2. Results and Discussion

The revision of the PT17 mitogenomes resulted in 6401 (5435 + 966) revised (rPT17) motifs that can be used for alignment and haplogrouping. This corresponds to an increase of about 18% compared to the original PT17. For the CR, which is commonly targeted in medical, population, and forensic genetics, the increase from 2651 to 3442 haplotypes amounts to 30%.

2.1. Haplogroups of the Representative Mitogenomes of PT17

For the evaluation of the new algorithm, all PT17 mitogenome alignments resulted in the nearest estimated haplogroup matching the PT17 motifs or their revisions. The nearest haplogroup equaled the haplogroup in the tree except for the following six cases. For the full mitogenome JQ703290 attached to haplogroup H2a2+(16235), the nearest haplogroups listed were H2a2 and H2a2+(16235), because the mitogenome harbored the ambiguous symbol R at position 16235. Similarly, for the full mitogenome JQ705258 attached to haplogroup H27+16093, the nearest haplogroups were H27 and H27+16093, because the mitogenome harbored the ambiguous symbol Y at position 16093. For the mitogenome DQ112896 attached to haplogroup Q3a+61+62 the nearest haplogroups were Q3a and Q3a+61+62, because of a reduced reading range (436–16021). For the full mitogenome FJ770956 attached to haplogroup M35 the nearest haplogroups were M29′Q and M35, because the private mutations differed only by the transitions 13500C (diagnostic for M29′Q) or 12561A (diagnostic for M35), respectively, which have the same weight of 1.312 due to the ranking in Table S3 of [14]. For the full mitogenome GU122998 attached to haplogroup T2b8 the nearest haplogroup was T2b35, because the private mutations differed only by the transitions 9843G (diagnostic for T2b35) or 3338C (diagnostic for T2b8) with weights of 1.593 and 1.360, respectively [14]. For the full mitogenome AF381985 attached to haplogroup T2e1a1b the nearest haplogroup was T2e1a, because the private mutations differed only by the transitions 15499C (diagnostic for T2e1a) or 16189C (diagnostic for T2e1a1b) with weights of 1.593 and 0.475, respectively [14]. We conclude that the estimated haplogroups were correct and that the mitogenomes DQ112896, GU122998 and AF381985 attached to PT17 should be moved to haplogroups Q3a, T2b35 and T2e1a, respectively.

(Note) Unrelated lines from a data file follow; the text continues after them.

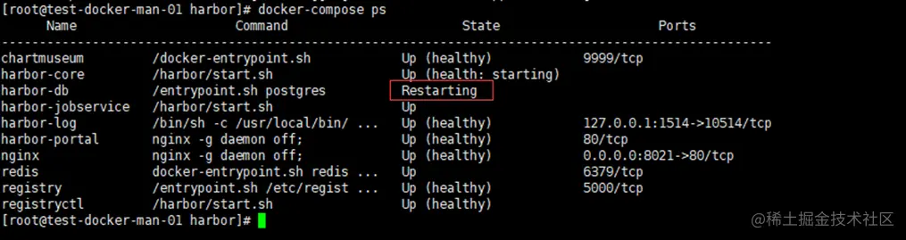 看到harbor-db组件处于Restart退出状态,从Harbor的架构可以分析出:Harbor-db组件的服务异常,造成登录界面输入的用户名和密码无法与harbor-db中的用户名和密码进行“校验”,所以会提示“用户名或密码错误”,而非用户名或者密码输入不对。
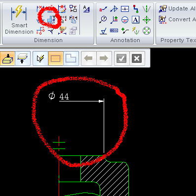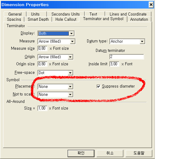 치수기입 후 직경44를 마우스 오른쪽 버튼으로 선택 후 properties -> terminator and symbol 탭을 선택합니다.
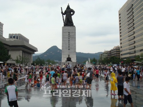 | < 사진 = 지난 1일 개장한 광화문광장 이순신 동상 앞 분수에서 아이들이 물놀이를 즐기고 있는 모습. 6일까지 84만명의 인파가 몰려들었다 > | ||
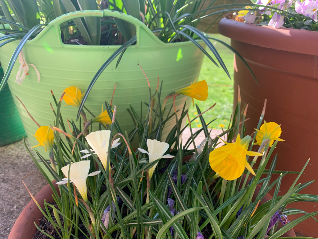 Im Unterland sind jetzt viele Narzissen schon am verblühen. Und darum schreibe ich jetzt über die Narzissen. Denn nun gilt es, sie richtig zu pflegen. Alles Verblühte wird weggeschnitten, ausser bei den wilden Narzissen. Diese versamen sich gerne im Rasen und bilden mit der Zeit grosse Kolonien. Alle anderen Narzissen aber vermehren sich besser über die Zwiebeln. Darum hindert man sie daran, Samen zu bilden. So geht alle Kraft in die Zwiebeln. Besonders wichtig ist, dass das Laub NICHT weggeschnitten wird. Das gilt übrigens für alle verblühten Zwiebelblumen. Die ganze Kraft aus dem verwelkten Laub muss sich in die Zwiebeln zurückziehen können. Also Finger weg mit der Schere, und erst mal nichts tun! Narzissen in Töpfen könnt ihr hingegen jetzt düngen, denn jetzt speichern sie die Kraft für nächstes Jahr.
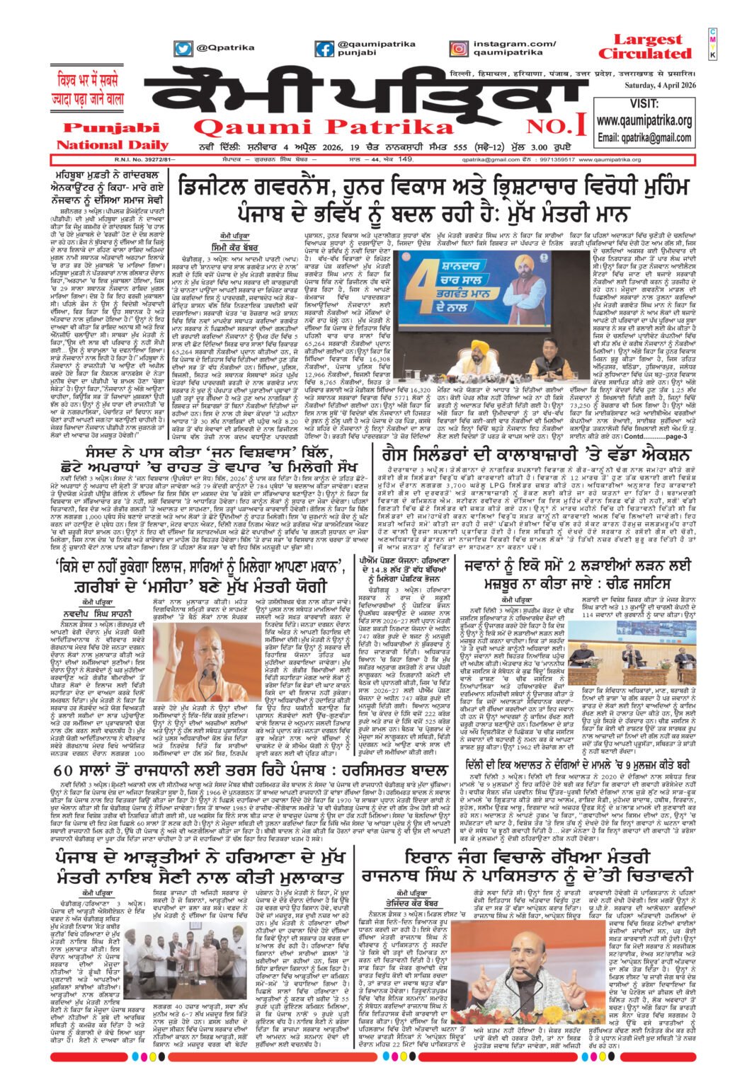 Qaumi Patrika Punjabi, 3 April 2026
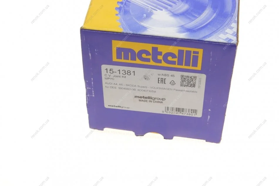 ШРКШ (зовнішній) Audi A4/A6/VW Passat B5 98-05/Skoda SuperB 02-08 (33z/27z/53mm/98mm/30mm) (+ABS45z) Metelli 15-1381 (3B0498099B, 8D0407305M)
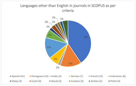 To understand the results correctly, one needs to consider that the 67 journals that allow publications in languages other than English often allow multiple other languages. That is why the number of journals per language is higher (101) than the overall number of journals allowing publications in languages other than English.
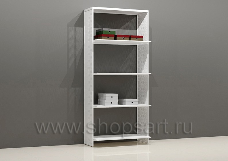 Стеллаж торговый, предназначен для демонстрации обуви. Пристенный стеллаж имеет в своей основе цельносварную конструкцию из металлической квадратной трубы 25×25 мм с покрытием порошковой краской белого, матового цвета. Боковые стенки изделия выполнены из сварной, металлической сетки. Габаритные размеры стеллажа и цвет окраски могут быть любыми, по согласованию с заказчиком.
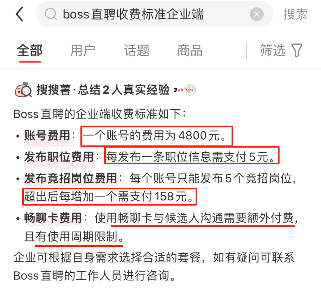 早在2021年赴美上市前夕,BOSS直聘就被指“通过削弱原功能的使用体验,引导用户使用付费功能”。据当年的报道,平台原有的关键词搜索功能被下线,HR只能通过信息流推荐筛选简历,但由于推荐算法精准度低,引发用户吐槽:“看IOS开发的职位,推荐一堆Android开发的同学来。”“我要招全职,却全给我推大二、大三的在校生。”

2.2. Approximation Quality of Haplogroup Motifs

Private mutations indicate to what extent a haplotype differs from the motif of its haplogroup. We call a private mutation essential if it is neither present as point heteroplasmy, such as 16093Y, nor a length variant, such as 309.1C. Table 1 shows the average number of essential private mutations relative to the PT17 motifs and their revisions. The maximum decrease (−12%) is found for the representative PT17 mitogenomes, 98% of which are contained in the database of vetted full mitogenomes.

2.3. Control Region Sequences

The CR (16024–576) is relatively short, but highly diverse, and has been routinely targeted in medical, population and forensic genetic applications. Table 2 shows the average number of essential private mutations for the haplotypes restricted to CR.

Haplogrouping of CR sequences suffers from the absence of diagnostic coding region mutations, which in general are more reliable to predict a haplogroup status than the diagnostic CR mutations.

Thus, the true haplogroup of a CR sequence corresponds in most cases to a subhaplogroup of the estimated haplogroup. Therefore, we checked whether the haplogroup of the full mitogenome was a subhaplogroup of the estimated MRCA ranks 1 or 2 haplogroups of the CR sequence. This criterion aims at the consistency of haplotype estimates for the CR, but has the drawback that the 966 additional rPT17 motifs for subclades may lead to sharper MRCA rank 1 estimates that may not include the true haplogroup. Therefore, we advise to take MRCA rank 2 estimates into consideration as well in order to arrive at conservative and reliable haplogroup assignments. Table 3 shows the results for our five datasets.

2.4. Examples from the Literature

2.4.1. Haplogrouping Examples

To show the effect of the revision of the haplogroup motifs in detail, three complete mitogenomes from GenBank were restricted to the CR and their haplogroups were estimated using only CR mutations. Table 4 summarizes the results. For the mitogenome AP012346.1 from haplogroup F1f, the rPT17 CR estimates were haplogroups F1a and F1f ex aequo, because of the widened motif for haplogroup F1f with 16172Y. For the mitogenome JF824974.2 from haplogroup F1f, the rPT17 CR estimate was F1f because of the subclade motif F1f* bearing both transitions 16172C and 16295T. For the mitogenome JQ705339.1 from haplogroup H4a1a1a, the rPT17 CR estimates were haplogroups H4a1a1a and P+16176 ex aequo, because of the widened motif for haplogroup H4a1a1a with 16176Y.

2.4.2. Alignment Examples

In the first example, the CR sequence USA.154.000067 (Navajo) from [15] is written in the last column of Table 1 as 16111T 16189C 16192.1T 16223T 16290T 16319A 16362C 73G 146C 153G 235G 263G 309.1C 315.1C. The algorithm finds the nearest haplogroup A2+(64)+16189 and rewrites the motif 16111T 16182M 16183M 16189C 16192Y 16223T 16290T 16319A 16362C 16519Y 64Y 73G 146C 153G 235G 263G 315.1c by the transcript M16182A M16183A 16191insC Y16192T Y16519T Y64C 309insC c315.1C to the alignment 16111T 16189C 16191.1C 16192T 16223T 16290T 16319A 16362C 73G 146C 153G 235G 263G 309.1C 315.1C as recommended in [15].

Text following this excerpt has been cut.